Who pays for the disbursements incurred in a case? In a successful case, it will be the paying party on a detailed assessment, but in a very meaningful sense, until that point, it will be the solicitors for the receiving party, who pick up the tab, paying for experts, court fees, and other expenses, as the case proceeds.
In major litigation, lasting years, and with large sums at stake, the cost of financing the litigation, can be substantial, and either eat into the profitability of the case, or even act as a barrier to entry, for a small firm, which might be in difficulty in even taking on the case.
A further point for consideration, is, if a charge is made for the valuable service provided by the solicitors to the client in financing the disbursements, how this can properly and legitimately, be passed to the paying party.
Practitioners have long been aware that in the former regime of recoverable success fees, that element of the success fee, which related to the cost to a solicitor of delay in payment and/or funding the litigation was irrecoverable inter partes.
Accordingly, the decision reached by the Court of Appeal in the case of the Secretary of State for the Department of Energy and Climate Change and Coal Products Limited.v.Jeffrey Jones and others  EWCA Civ 363 is an interesting illustration, of the way that solicitors were able to recover an element of interest incurred pre-judgment and the making of the costs order, for their clients on disbursements.
The facts of the case may be briefly stated. The case involved the aftermath of the Phurnacite Litigation, where after a 6 week trial on liability, costs were awarded to the claimants as receiving parties. The claimants disbursements exceeded £787,000.
The claimants had all entered, in addition to their CFAs, disbursement funding arrangements with their solicitors. These provided that the solicitor would fund disbursements as the case went along, in return for interest at 4% above rate. The interest was only payable if recovered from the paying party, and so was accurately to be described, as a contingent liability.
The solicitors contended that the agreements were exempt from the Consumer Credit Act 1974, as the contingent nature of the liability, meant that they were not providing “credit” as defined by the Act.
At first instance, Swift J accepted that the agreement was a proper one, enforceable, and awarded interest as claimed.

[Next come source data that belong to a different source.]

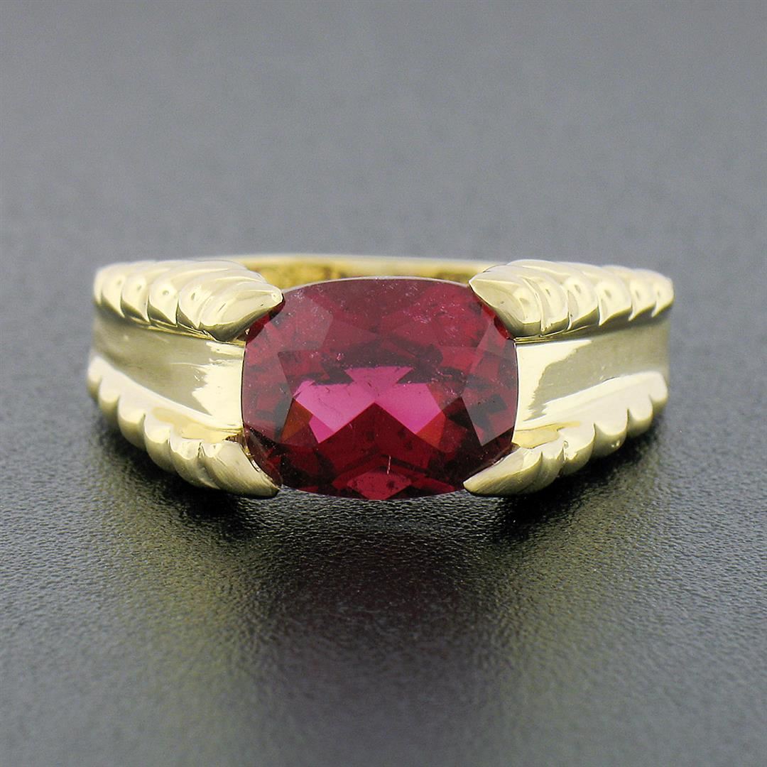 A solid 14k yellow gold solitaire rinf, with 1 Gia certified cushion cut natural tourmaline (3ct). The ring is size 9.0, weighs a total of 5.94 grams, and measures 8.50mm wide. Comes with all original relevant certifications.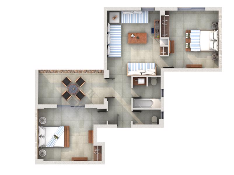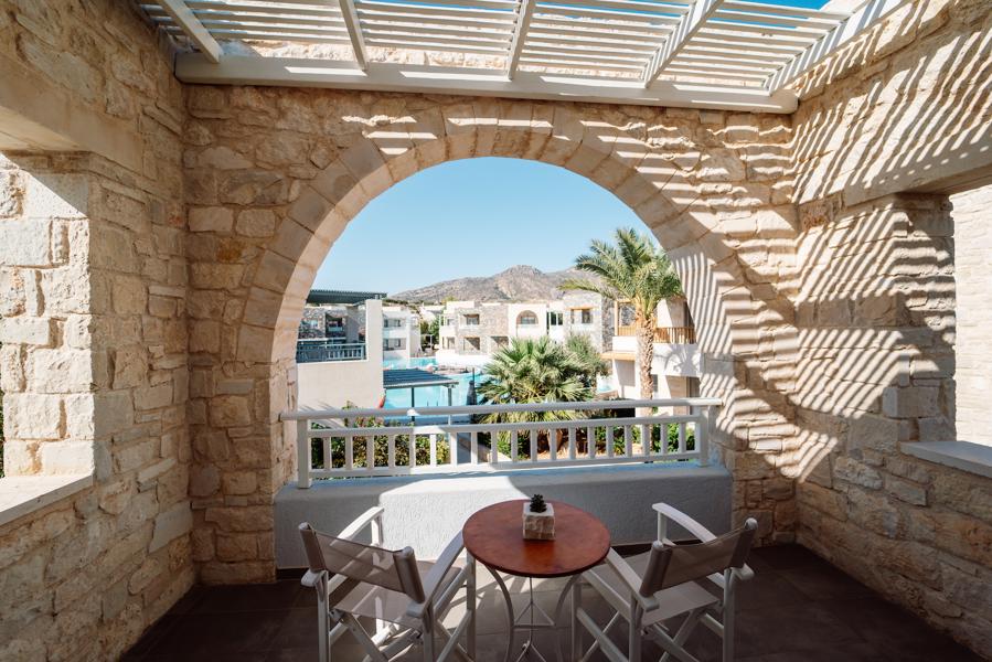 Inspiriert von der Schönheit Kretas vermittelt dieser großzügige Wohnraum, in dem natürliche Elemente und Moderne in perfekter Harmonie aufeinandertreffen, ein Gefühl von unvergleichlichem Komfort. Die Familiensuiten befinden sich im 1. Stock und sind zwischen 70 und 75 m² groß. Sie verfügen über zwei Schlafzimmer mit Einzel- oder Kingsize-Betten, einen Sitzbereich mit Schlafsofas, ein modernes Badezimmer mit ebenerdiger Duschkabine und/oder Badewanne sowie einen privaten Balkon mit Blick auf den Garten oder den Pool.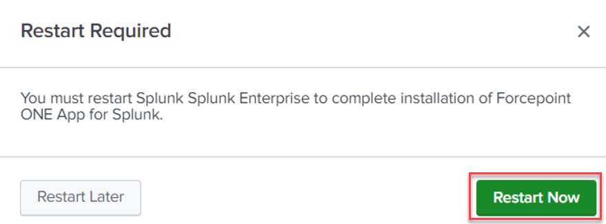 - Click Restart Now to restart the Splunk instance.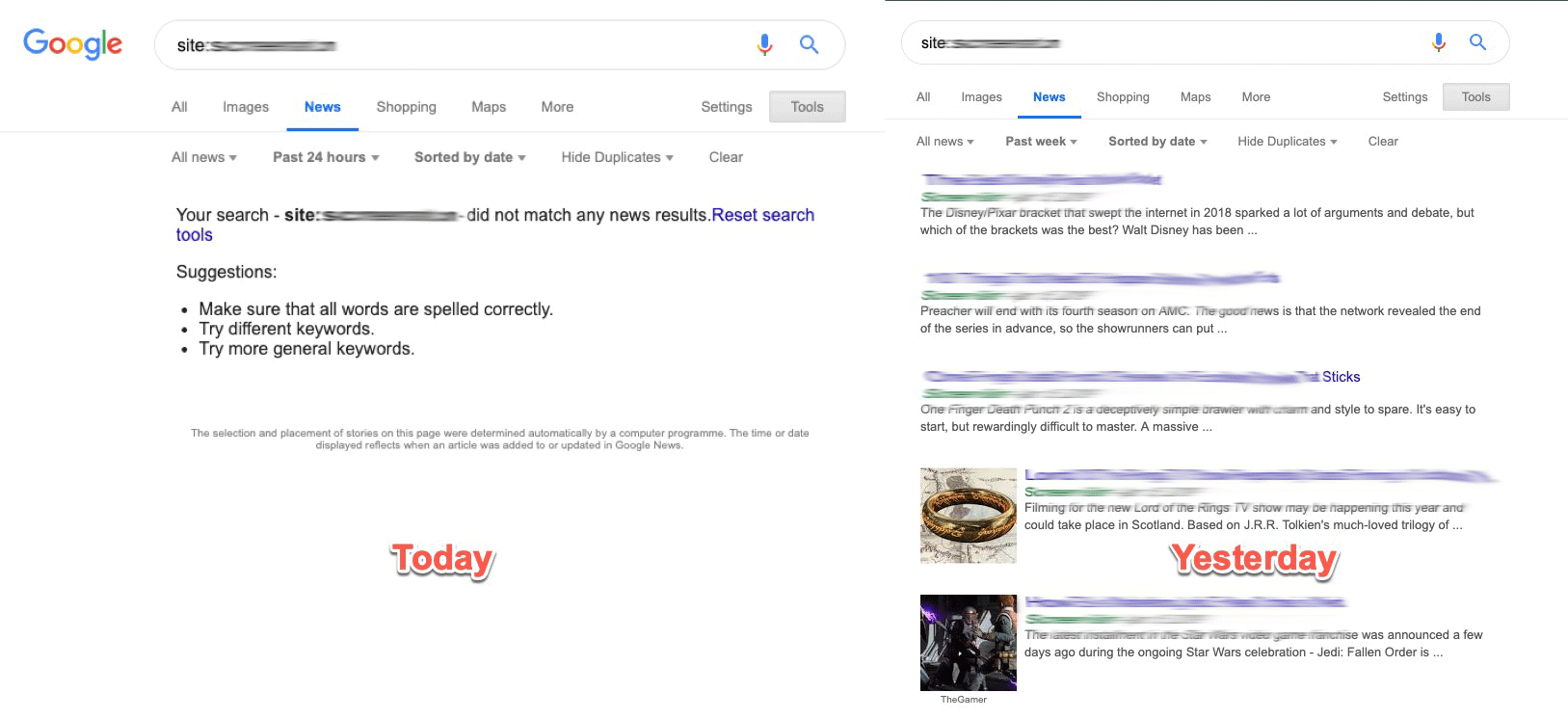 ภาพหน้าจอบางส่วนจากผลกระทบของข้อบกพร่องนี้ที่ปรากฏในผลการค้นหาของ Google News

On appeal, a very narrow issue was taken: namely whether the interest rate to be awarded by the court, was excessive, and should be reduced to reflect the solicitors circumstances, not the claimants’ circumstances, who would be the beneficiaries as a factor in the exercise of the discretion.
Perhaps unsurprisingly, the Court of Appeal took the view, that the fact it was the solicitors who had funded the litigation, made no odds, as if the agreement had been made by the claimants with a bank or other commercial lender, the liability to pay the interest, was the claimants.
It is a relatively straightforward matter to draft such an agreement, which should ensure, per the Court of Appeal decision, that the costs of financing such expenditure, can properly be recoverable from the paying party.
Accordingly, any firm which routinely finances on credit, the client’s disbursements should review its funding arrangements to ensure that in successful cases, a useful 4.5% of interest on disbursements is recovered, from the point when the liability is incurred.